王子様とブーランジェール
「や、やめろ!離れろ!近い!近い!」
顔を背けるが、追うように山田の顔も近付いてくる。
な、何でこいつ、いつもくっついてくるんだ!
「夏輝様ぁー。超いい匂いー。キュンキュンするぅー」
「は、はぁっ?!」
俺はおまえの青髭の剃り跡で、ゲロ吐いて倒れそうだわ!
すると、小笠原が扇子を振り回して、山田のふくよかな左腕をバシッ!と叩く。
山田は「あぁんっ!」と、抜けた声を出した。
俺の真横でそんな色っぽい声出さないで…。
男の色っぽい声…また、ゲロ吐きそう。
「もぉー!痛いぃー。麗華ちゃーん。ケツキックより痛いぃー」
「…おだまりフリージア!この炭水化物肥満女!夏輝様から離れなさい!あんたみたいなビッグマシュマロに密着されて、夏輝様が困ってるじゃないのよ!」
「そーよそーよ!フリージア!夏輝様から離れなさいよ!」
「毎度毎度抜け駆けするんじゃないよ!」
「手術したからって、攻めに入ってんじゃないわよ!」
「まずはチャーハンとカルボナーラ絶って痩せろ!」
「えぇー。

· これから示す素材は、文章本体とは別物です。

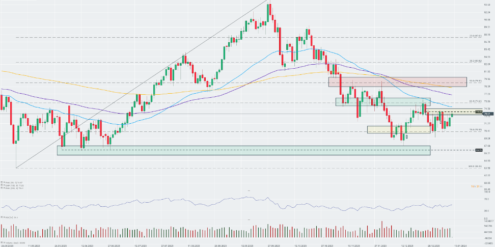 Los atentados en Oriente Medio y la incierta situación del transporte marítimo en esa zona están apoyando hoy los precios del crudo Brent, que intenta probar el límite superior de la consolidación en 74 dólares por barril.

そんなの出来ないぃー」
小笠原と愉快な仲間たちは、一斉に山田を攻め始める。
怒りの声が、飛び交う飛び交う。
そこの真ん中にいる俺。
うるさすぎて、鼓膜破けそう。
ゲロ吐きそうになったり、鼓膜破けそうになったり、何故こんなにも命危ない状況に立たされているのだろうか。
今置かれている状況に、呆然とする。
しかし、ビッグマシュマロとは、上手いことを言うな。
で、何?このくだり、鉄板になるの?
え?手術?山田、手術したの?どこ?どこの?
呆然としながらも、気になるところは気にしてしまう。
…それにしても。
これ、何の時間?
ファンとのふれあいの時間?
それとも命取られるスレスレの拷問?
…だなんて、そんなことをやってる場合ではない。
「おいおい。もう始業五分前だぞ。撤収せい。撤収」
何となく口にし、愉快な仲間たちの輪の中から出る。
すると、「はーい!」と、一斉に元気よく返事された。
了解の返事だが、ガクッとさせられる。
俺の言うこと、ちゃんと聞くのか。
その仲間たちの輪から離れ、一人歩き出す。
しかし、三歩あるいたところで、またしても俺目当ての人物が立ち塞がって来た。
「竜堂くぅーん、おはよぉー!」
その猫なで声。
またしても、ゾワッとさせられる。